Not stupid layers in Photoshop.

You can also convert a group of layers into a single smart object much like you would a single object. Select each of the layers that you wish to be turned into a smart layer and right-click to select “Convert to Smart Object”.

You can also create a smart object from a vector image made in Illustrator by going to Image>Place. This will open up a dialog window which you can direct to your AI file. Then you will be able to edit the vector file in Photoshop. For added versatility, you can actually use Illustrator and Photoshop in conjunction with each other by editing the source file for the smart object within Illustrator and the results will appear in Photoshop.
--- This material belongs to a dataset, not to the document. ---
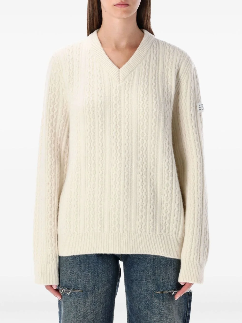 cable-knit V-neck sweater Highlights - Off-white - Cable knit - V-neck - Long sleeves - Straight hem - Logo patch Imported Composition Wool 35%, Acrylic 35%, Polyamide 28%, Spandex/Elastane 2% Washing instructions Read Manufacturer Guidelines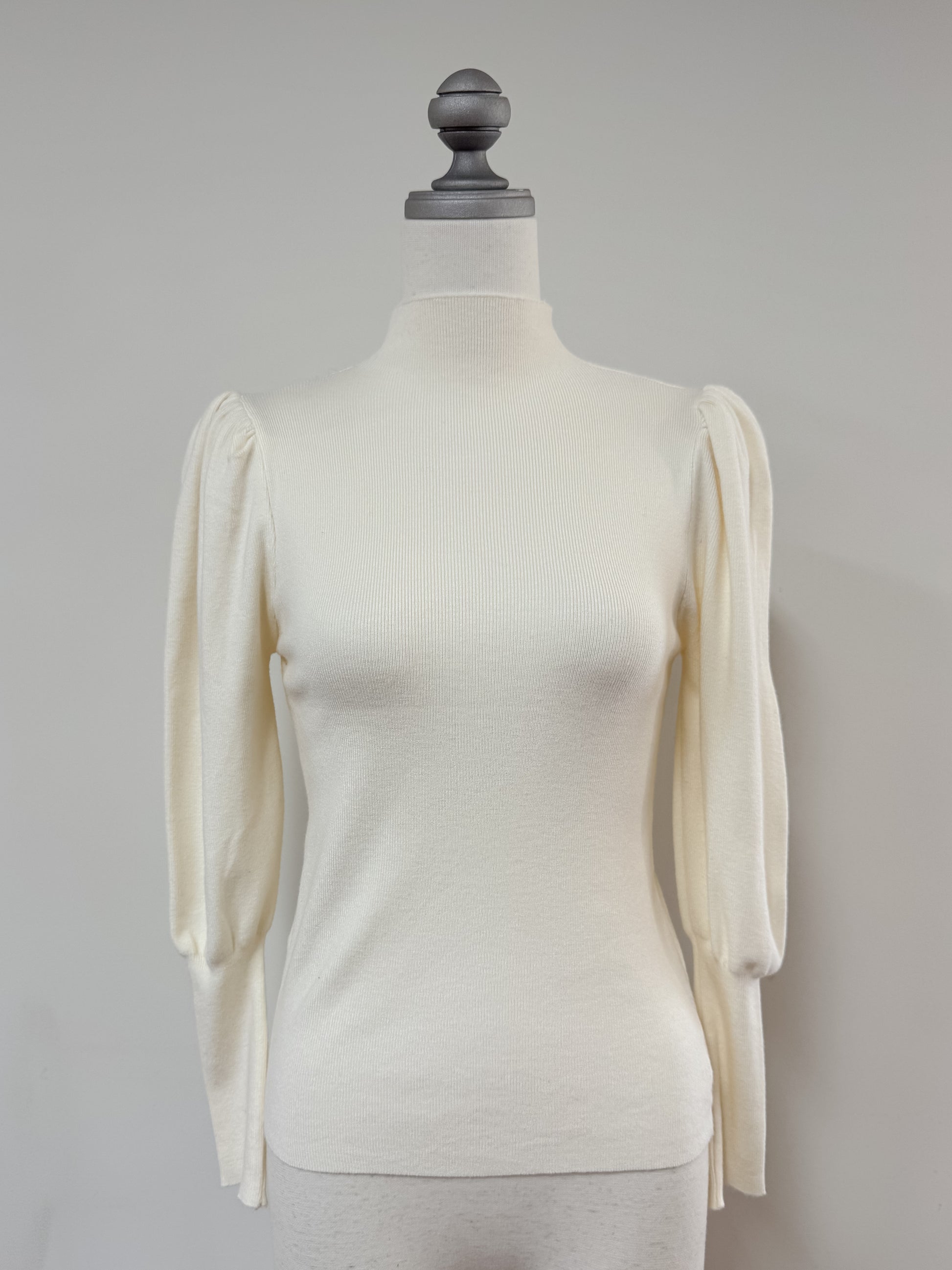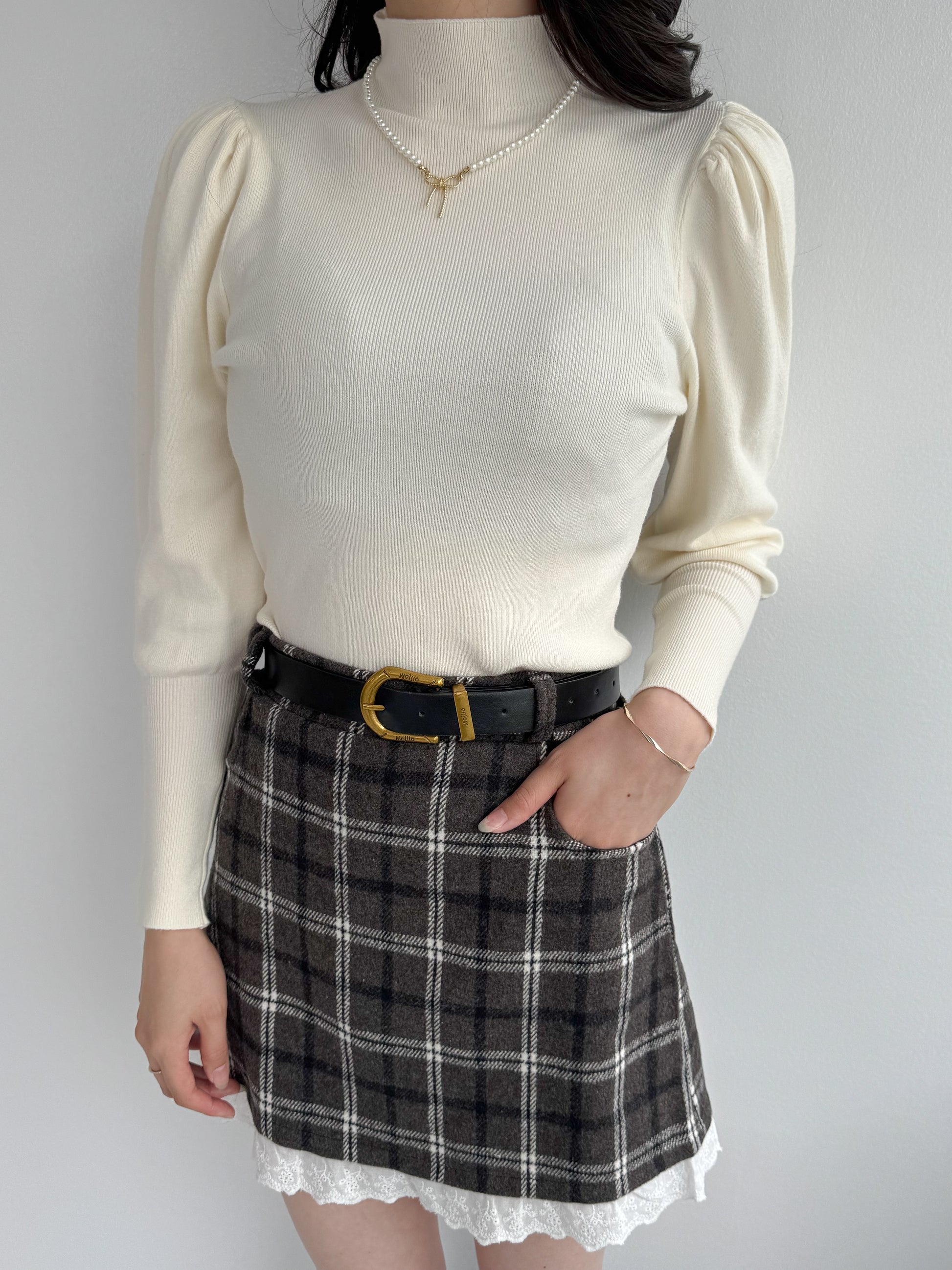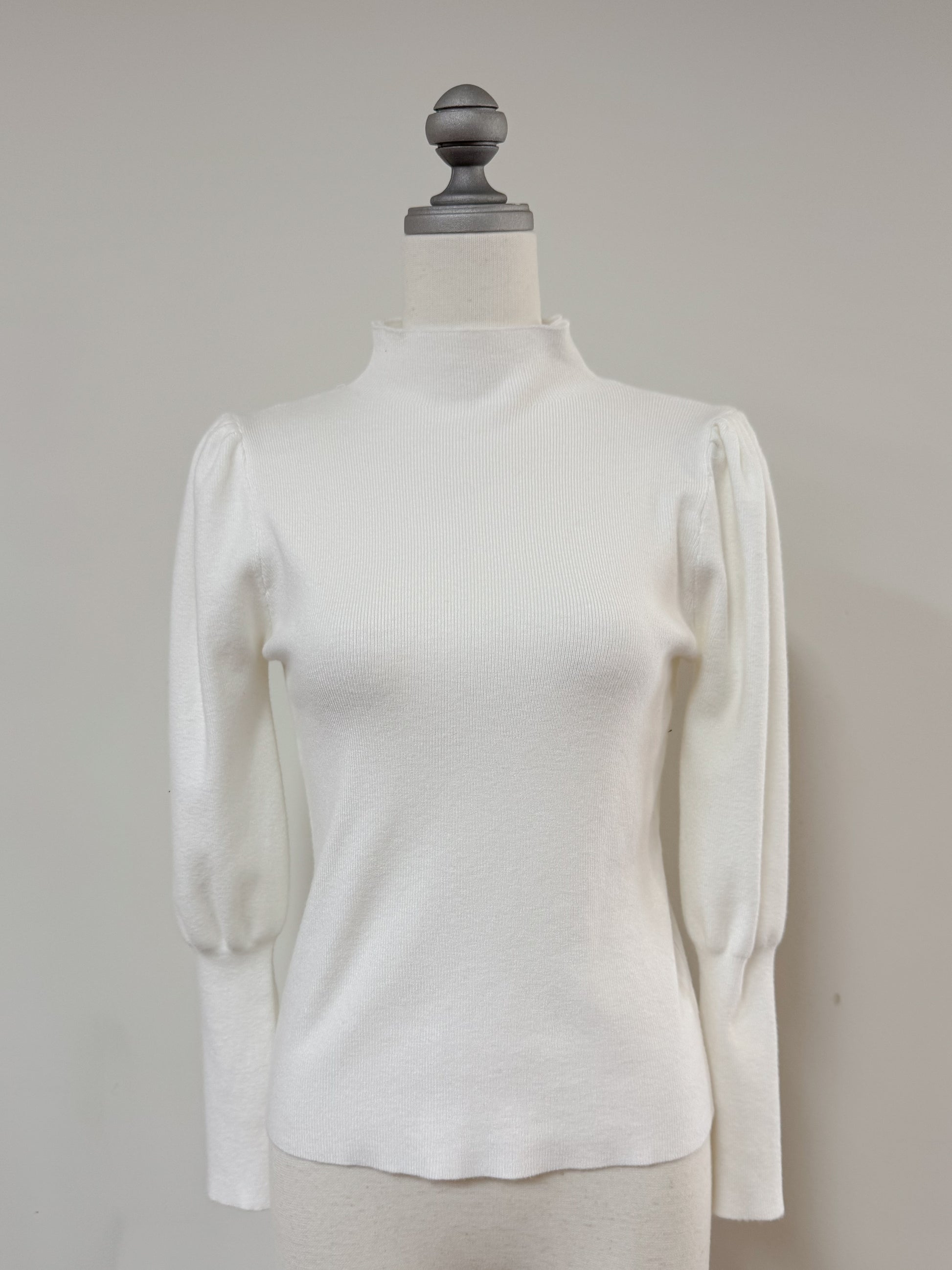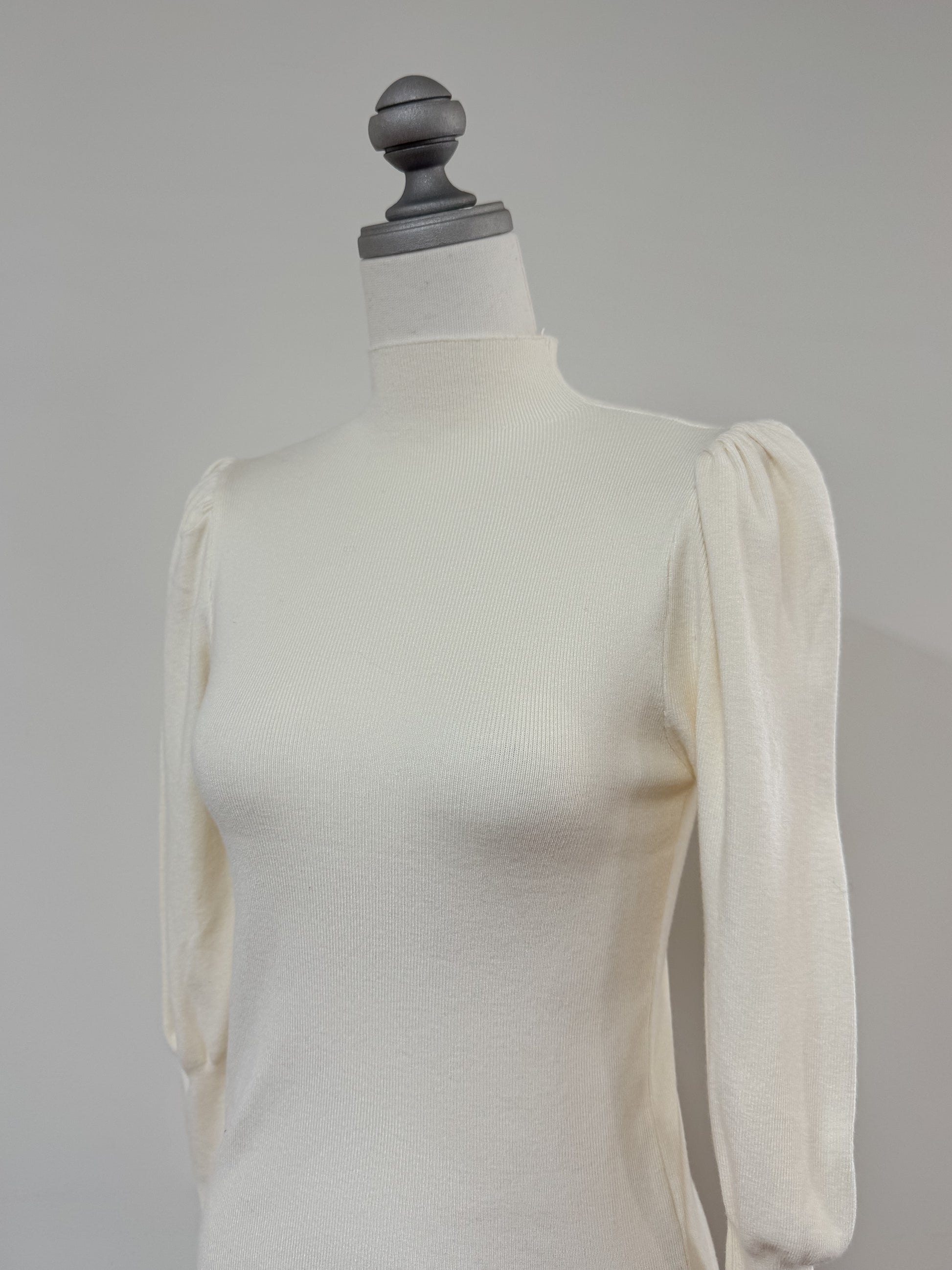 袖口が長めのリブでより袖のパフスリーブがワンポイントに。

You can also duplicate an existing smart object by pressing Ctrl+J as you would with any layer.

Editing Smart Objects

To edit a smart object, either double-click over the smart object thumbnail or right-click over the thumbnail and select “Edit Smart Object”. You will be met with a prompt letting you know that you have to save the object before any changes will take effect. From there you will be presented with a separate smart object to edit.

Worth noting is the fact that if you have a smart object that you have duplicated, any editing done to the smart object will affect all of the duplicated smart objects as well as the original smart object. This is because each duplicated smart object is reading from the same source file. This is a definite plus, but can also be a drawback in certain situations. To avoid this characteristic, duplicate the smart object via copying which can be done by left-clicking and selecting “Copy Smart Object via Layer” when creating a duplicate smart object.

Replacing, Exporting and Rasterizing Smart Objects

These three final functions are clustered close to each other in the drop-down menu when you left-click over the smart object layer. Replacing smart objects will also replace any other linked objects as well.

To rasterize means simply to bring it back to its non-smart form.